We were unable to obtain isolates from other MTC members in addition to M. bovis and M. tuberculosis, and this was a limitation of this study. However, with the exception of M. pinnipedii, up to date, there are no reports of isolates of those MTC members in Latin America [32]. We also did not evaluate spectra of M. bovis BCG, since the scope of the study was restricted to bovine/bubaline tuberculosis. However, MALDI-TOF MS analysis for the identification of MTC isolates obtained from humans needs to be performed.

The increase of specific spectral pattern number within the databases may allow a rapid and accurate diagnosis of bovine/bubaline TB by MALDI-TOF MS in the future. Further steps to this work should include the validation of our findings using a larger sample size and the evaluation of the cost-effectiveness of a two-step procedure: MALDI-TOF MS as a high-throughput screening method for identification of M. bovis after tissue culture followed by Mb400 PCR for MALDI-TOF MS negative samples.

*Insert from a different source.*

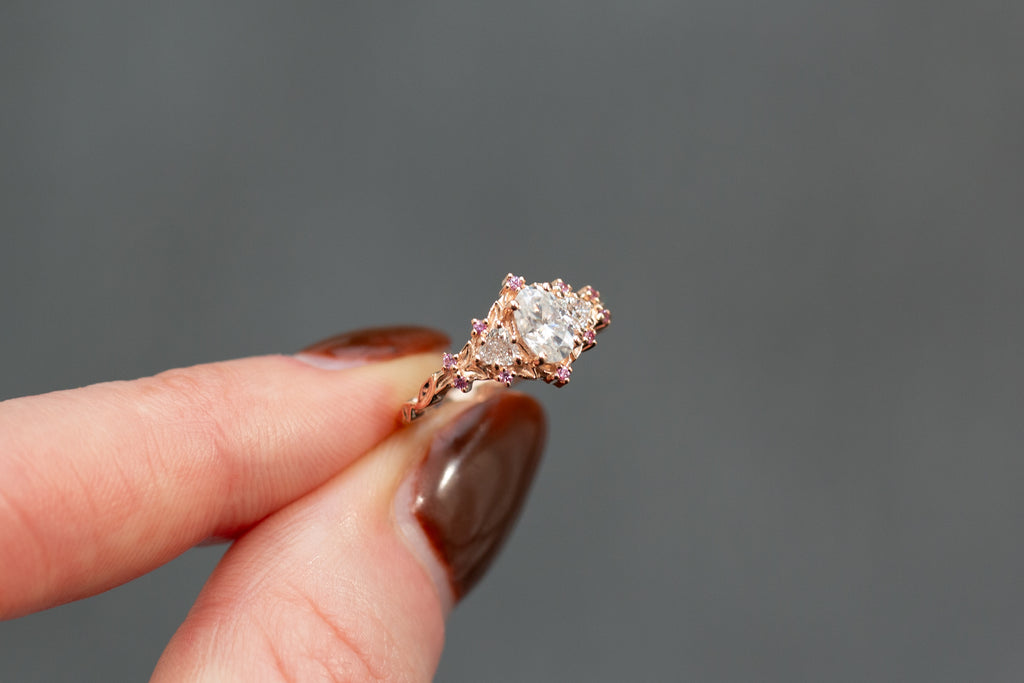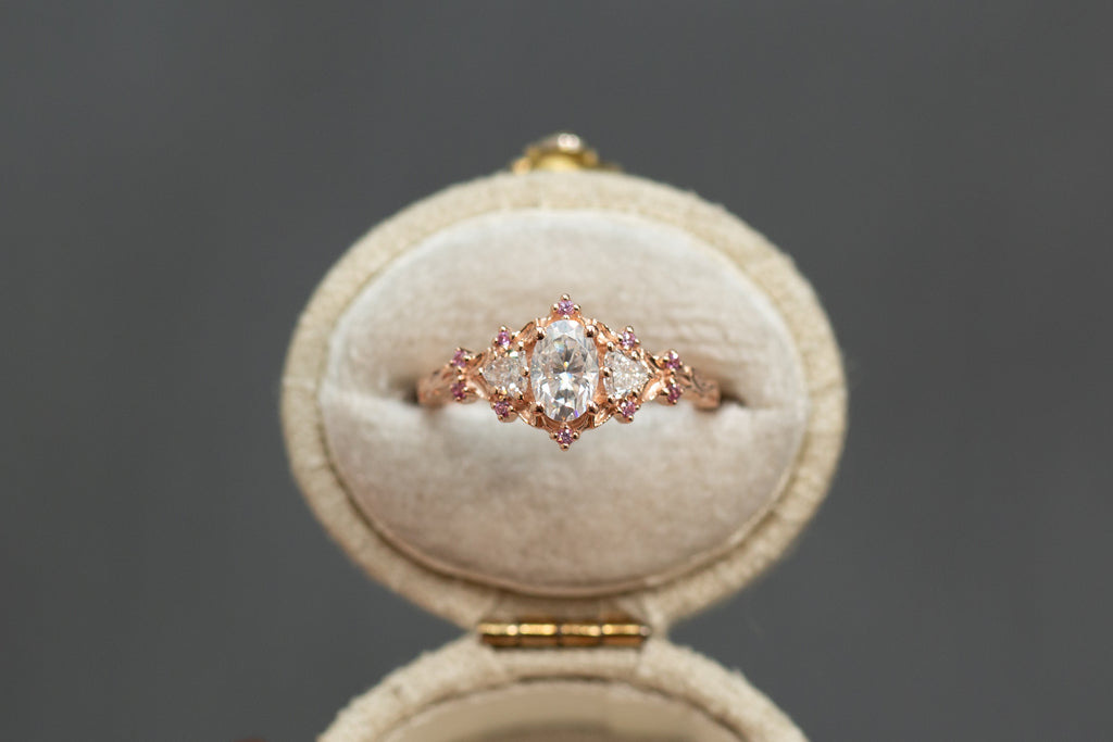 -Sides/Accents: 3mm trillion moissanite, 1mm pink sapphire

In conclusion, the use of the MycoLyser method associated with the expansion of the database with proper reference mass spectra resulted in the successful identification of M. bovis in bovine/bubaline clinical samples cultured in solid medium. MALDI-TOF MS provides a short-term and low-cost method for M. bovis identification and may become a useful tool for bovine tuberculosis diagnosis in the future.